Both Google and Meta – the company behind Facebook and Instagram – initially stated that they will instead be blocking Canadian news from their platforms in response to the new law.

For Meta, this is now underway, with the company saying on Aug. 1 the changes "start today, and will be implemented…over the course of the next few weeks."

However, the Canadian government reached a deal with Google over the Online News Act in November. Under this deal, the tech giant will pay $100 million annually to news publishers and will continue to allow access to Canadian news content through its platform.

As of now, these are the only two platforms being eyed by the government's regulations, but that could change as other social media or search engines gain traction. 

So, what does this bill, and the responses from the tech giants, actually mean for Canadians?
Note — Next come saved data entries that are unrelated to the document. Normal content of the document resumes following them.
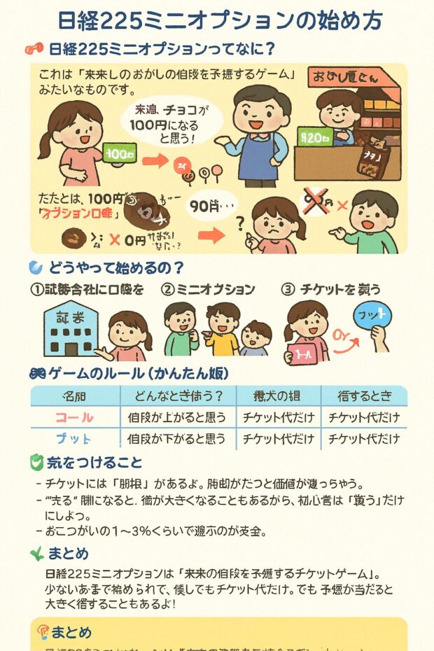 もちろん、akiさん。小学生にも分かるように、日経225ミニオプションの始め方を「おかし屋さんのゲーム」にたとえて説明しますね🍭
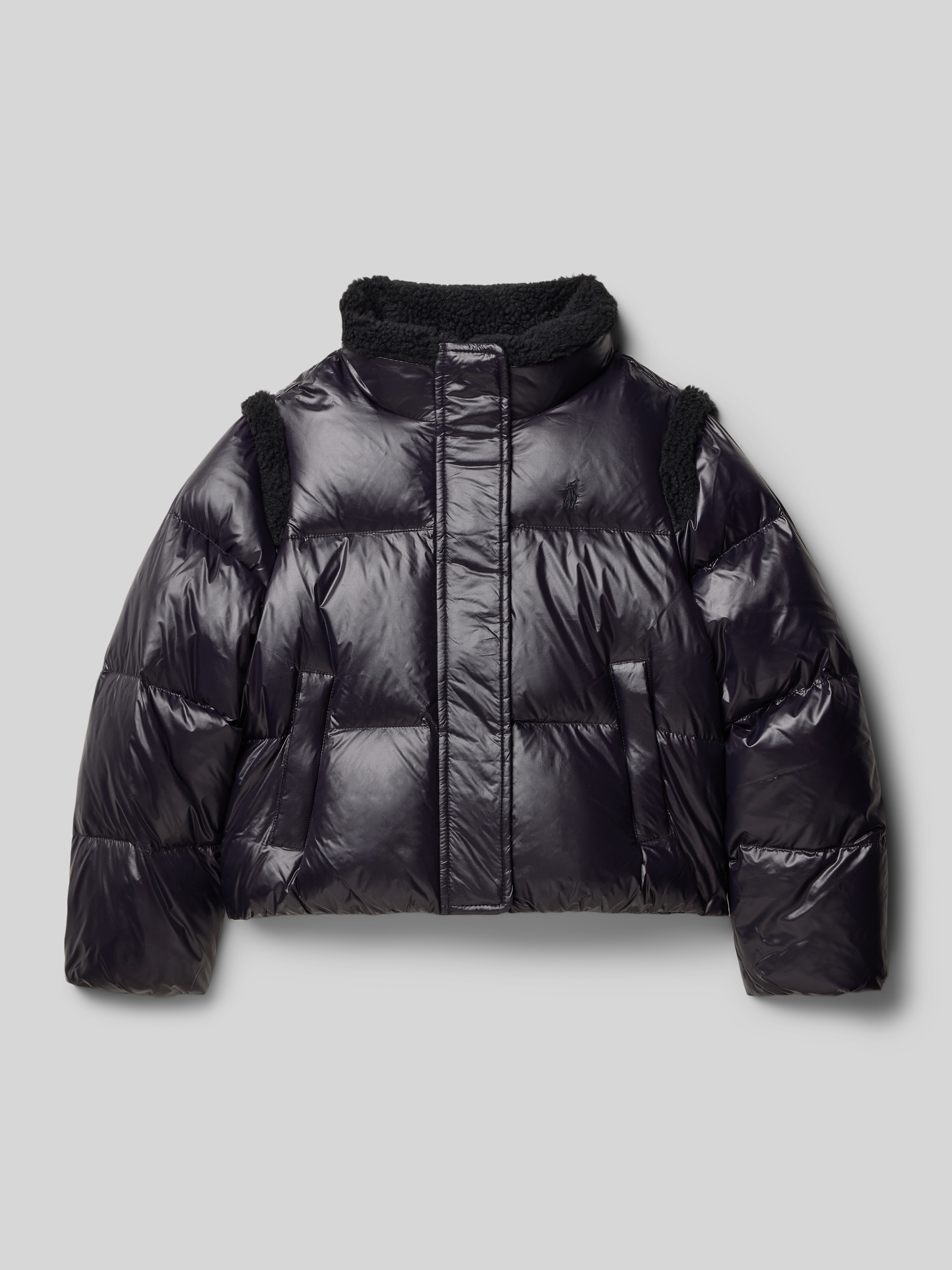 Kurtka pikowana o kroju regular fit z obszyciem ze sztucznego futra model ‘Puffer’ - czarny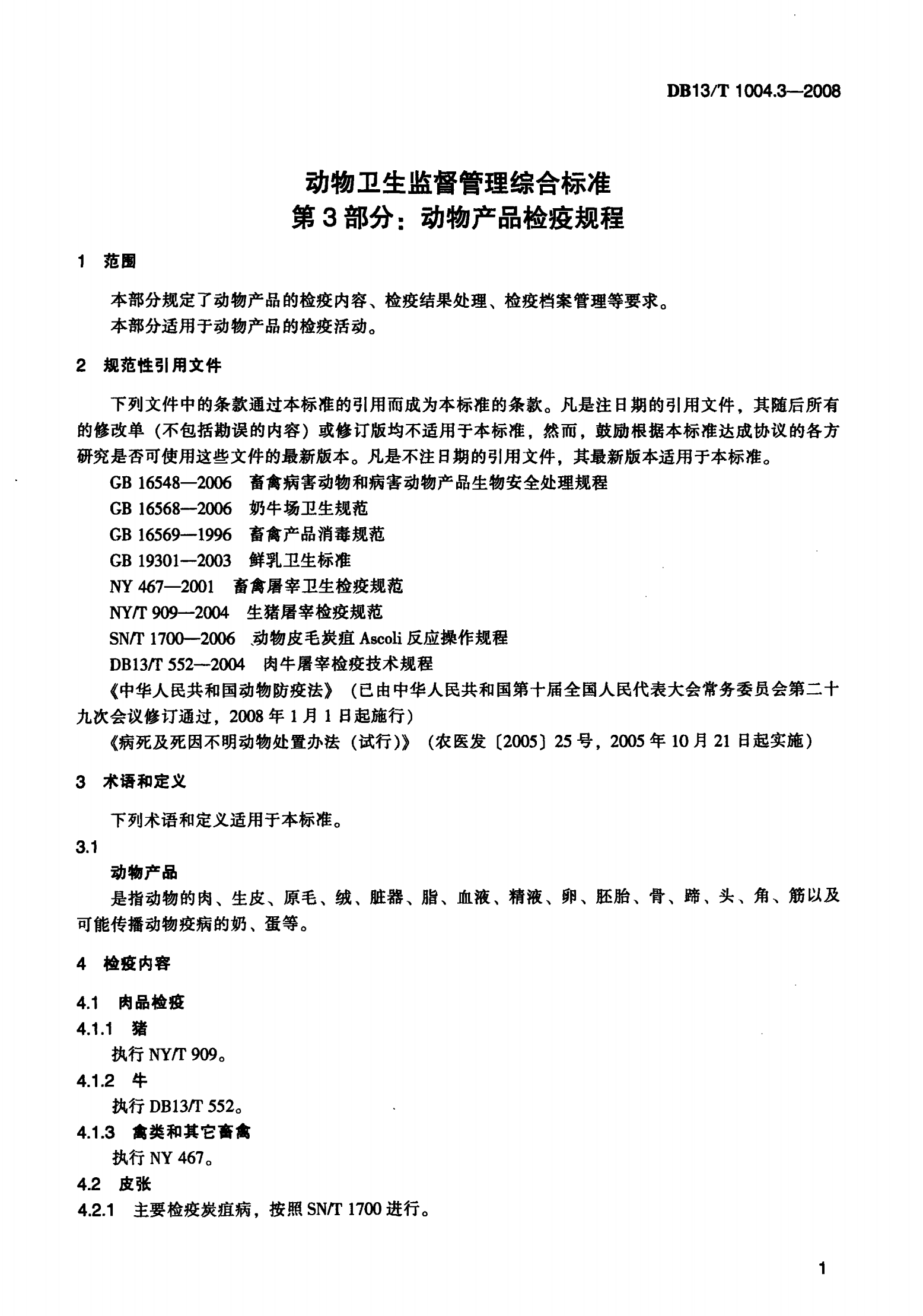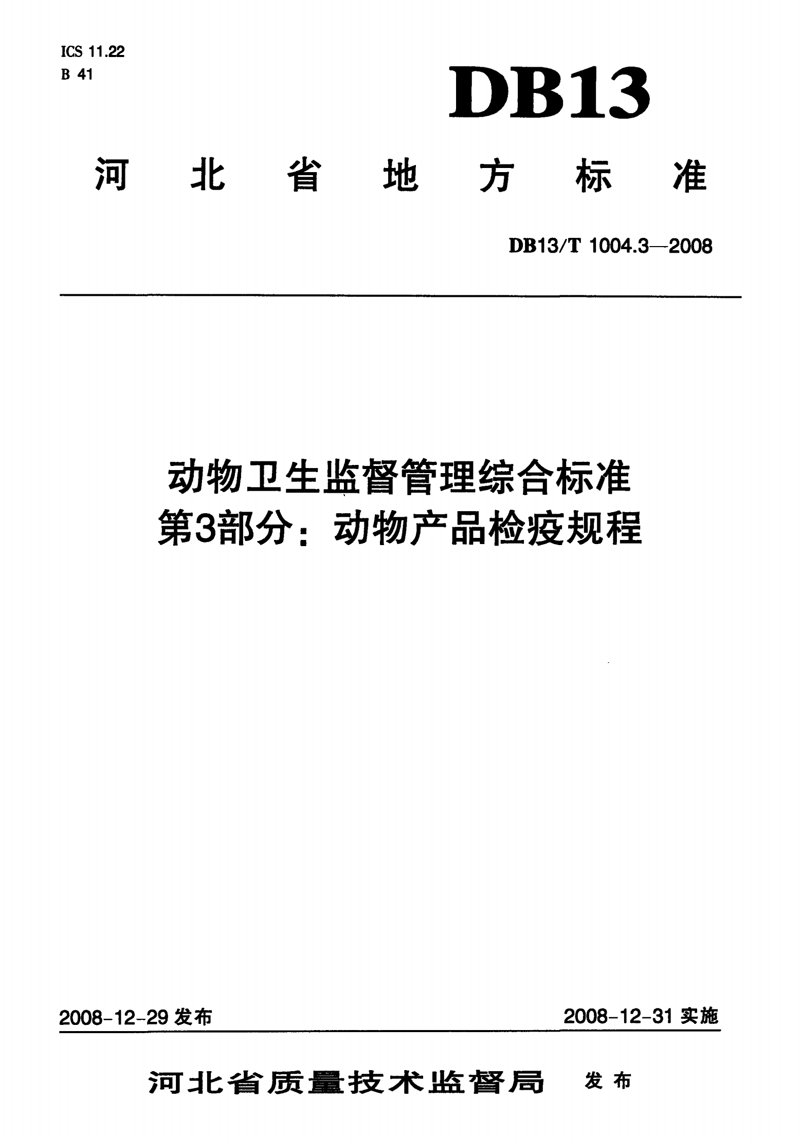 河北省动物卫生监督管理综合标准 第3部分: 动物产品检疫规程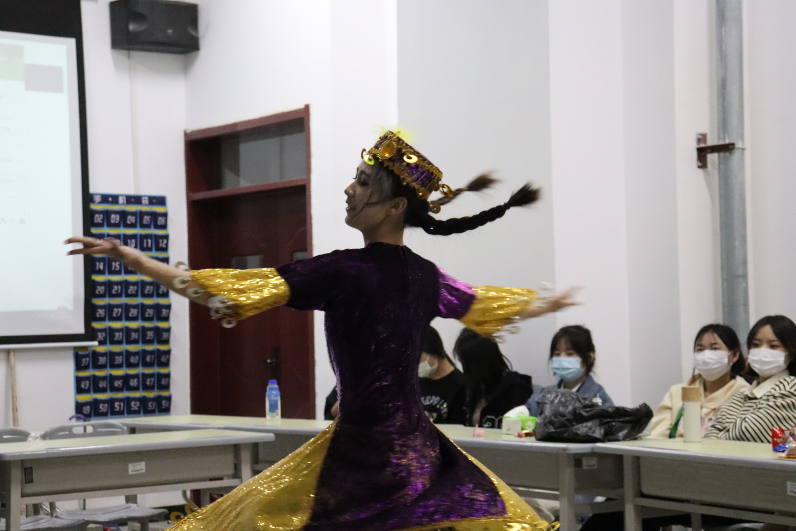 气氛达到高潮时,歌舞表演随之开始,优美的舞姿使在场的同学激动不已,纷纷拍手叫好。爵士舞、民族舞,不同的舞种,不同的民族却很好的融入在一起,这大概就是音乐的魅力吧。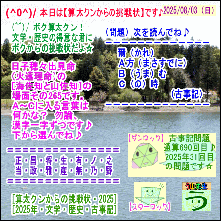 【算太クンからの挑戦状2025】(文学・歴史・古事記) です☆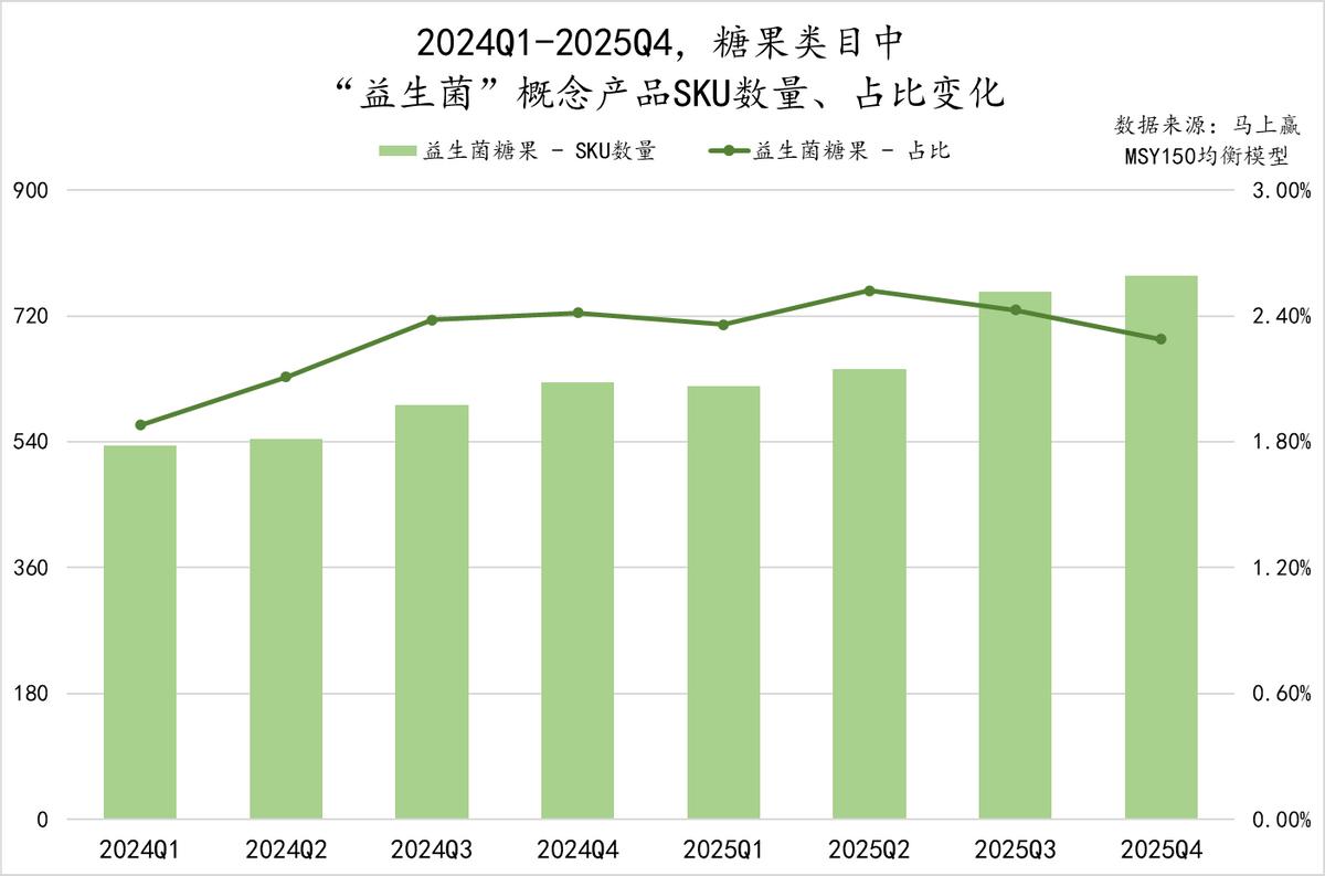 基于马上赢对于上述概念为整体的统计,整个大益生菌概念产品,从2024Q1到2025Q4数量整体呈现显著的上升趋势,从2024Q1的500+个提升至2025Q4的750+个;其类目占比则呈现先升后降的趋势,2024Q1-2025Q2整体上升,2025Q3-2025Q4则呈现下降的趋势。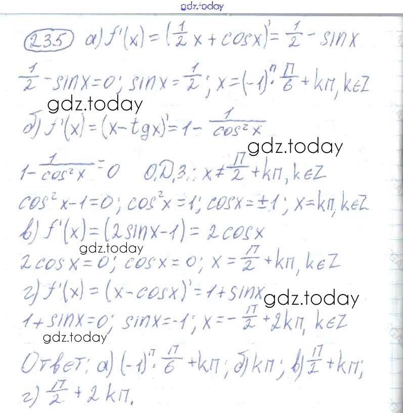 Ответы к Решения к упражнениям 235 Учебнику по Алгебре для 10-11 класса Колмогоров, Абрамов Просвещение 2008

In brief, Meta has taken the position that it will eliminate access to news content on its platforms, rather than pay to host it, so Canadians may no longer see it appear on Facebook and Instagram.

Instead, audiences will have to seek news out directly from media organizations on their websites and apps, or on other platforms such as "X", since the content produced by Canadian news organizations will be blocked by Meta.

Google had initially threatened to block Canadian news from its Search and other products when the legislation came into effect on Dec. 19, but November's deal means that Canadian news will still appear in Google searches.

Here's everything you need to know about where this issue stands, as of Dec 19. 

What is Bill C-18?

Bill C-18, or the Online News Act, lays out a framework that would require digital giants Google and Meta to develop agreements with Canadian news sites to provide them with compensation for sharing their journalistic content that appears on their platforms.

This has been proposed by establishing a last-resort bargaining framework between platforms and media outlets, while incentivizing voluntary commercial agreements that can be reached independent of this act without forcing two sides to a negotiation table.

"It seeks to support balanced negotiations between the businesses that operate dominant digital news intermediaries and the businesses responsible for the news outlets that produce this news content, an explanatory note from the government says.

First presented in 2022, the legislation comes amid years of major declines in news ad revenue. The bill was based on a similar policy initiative in Australia called the News Media and Digital Platforms Mandatory Bargaining Code.

Australia's code enables eligible news businesses to bargain individually or collectively with digital platforms over payment for the inclusion of news on the platforms and services, according to the Australian Communications and Media Authority.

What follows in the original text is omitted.